## DATA EXTRACT
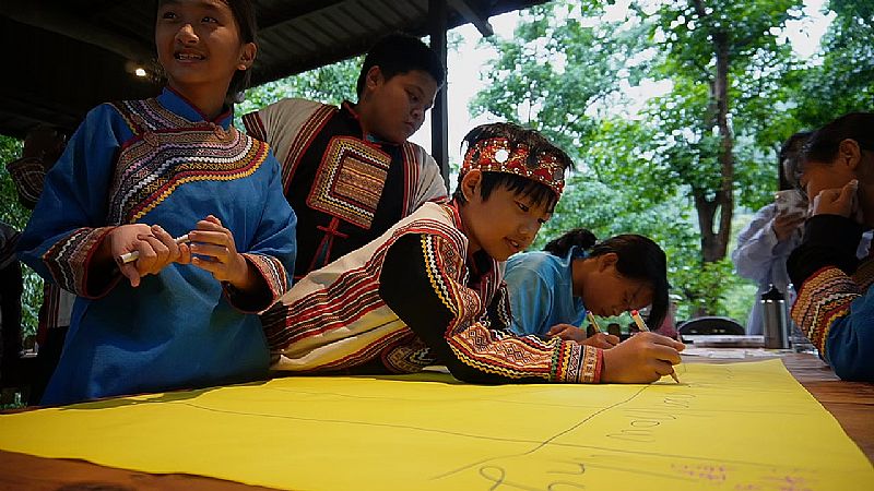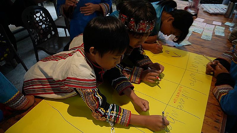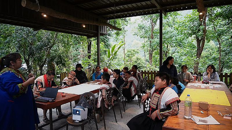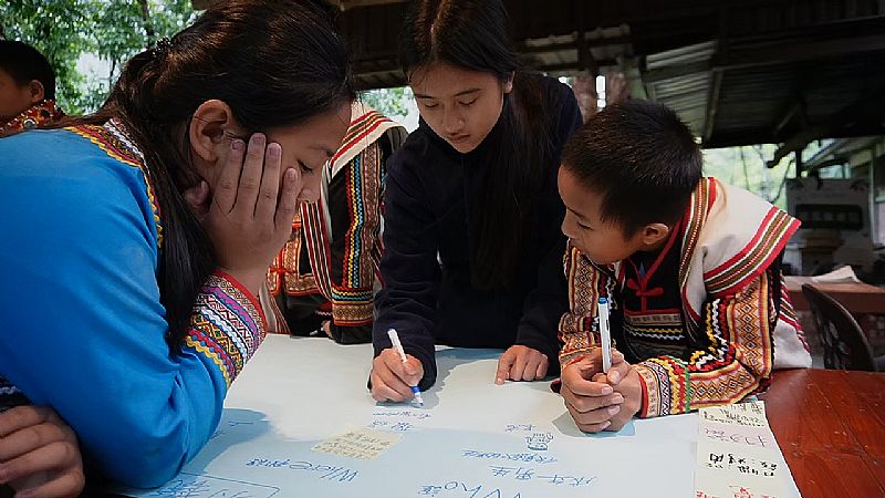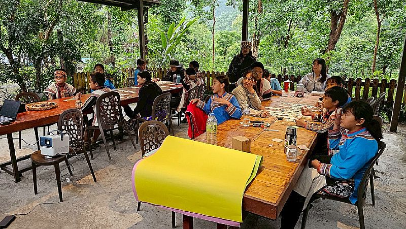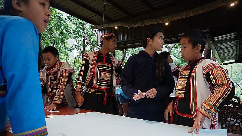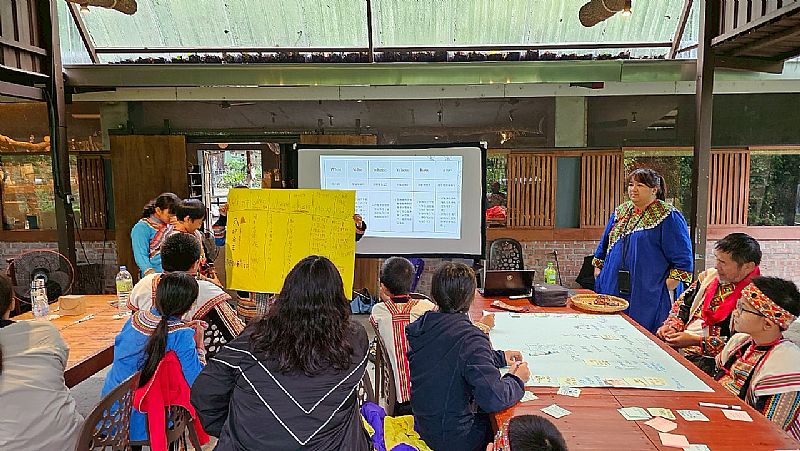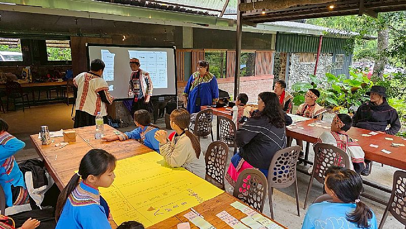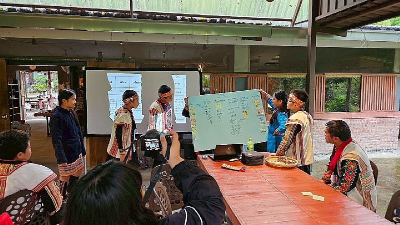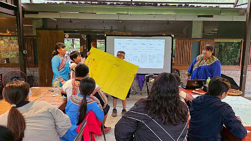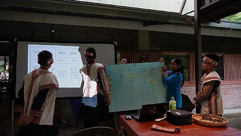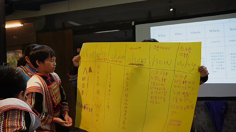 老師運用六何法提問我們,在這兩天學到什麼,我們和部落的長輩一起學習整個射耳祭的流程,將我們討論的內容寫出來,並上台報告。
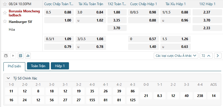 Nhà cái châu Á đang đánh giá cao khả năng chiến thắng của các cầu thủ chủ nhà Monchengladbach khi đưa ra mức chấp đang là 0.5, xét về thực lực thì rỏ ràng Monchengladbach được đánh giá cao hơn so với Hamburger đội vừa mới thăng hạng, với ưu thế sân nhà Monchengladbach sẻ hướng đến kết quả tốt và trước một đối thủ đang có phong độ không tốt là cơ hội để Monchengladbach có được chiến thắng ở ngày khai màn, lựa chọn Monchengladbach cho kèo Châu Á.
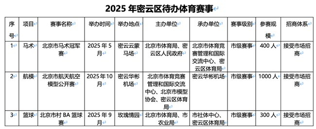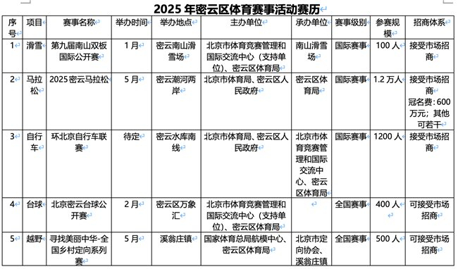 在赛历发布的同时,赛事各项招商工作也将全面启动,密云区体育局将根据赛事特点及规模为各参与企业制定个性化权益回报,携手开启体育赛事与商业合作的新篇章。
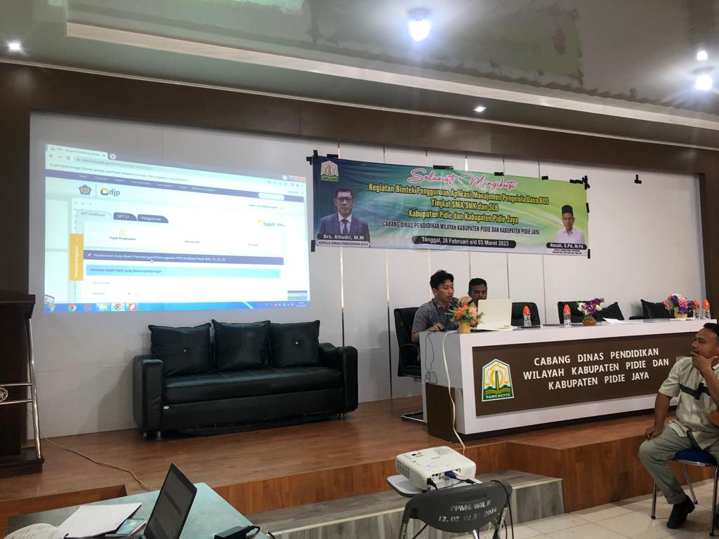 Kegiatan ini merupakan bagian dari acara kegiatan yang berjudul Bimtek Penggunaan Aplikasi Manajemen Pengelola Dana BOS Tingkat SMA, SMK, dan SLB Kabupaten Pidie dan Pidie Jaya yang diselenggarakan oleh Cabang Dinas Pendidikan Provinsi Aceh Wilayah Kabupaten Pidie dan Kabupaten Pidie Jaya.

## EXERCISE GOAL
Please output the lines from the line that holds "在赛历发布的同时,赛事各项招" through the final line of the material above, both included. Each line must match exactly, and pictures must be excluded.

## REPLY
 在赛历发布的同时,赛事各项招商工作也将全面启动,密云区体育局将根据赛事特点及规模为各参与企业制定个性化权益回报,携手开启体育赛事与商业合作的新篇章。
 Kegiatan ini merupakan bagian dari acara kegiatan yang berjudul Bimtek Penggunaan Aplikasi Manajemen Pengelola Dana BOS Tingkat SMA, SMK, dan SLB Kabupaten Pidie dan Pidie Jaya yang diselenggarakan oleh Cabang Dinas Pendidikan Provinsi Aceh Wilayah Kabupaten Pidie dan Kabupaten Pidie Jaya.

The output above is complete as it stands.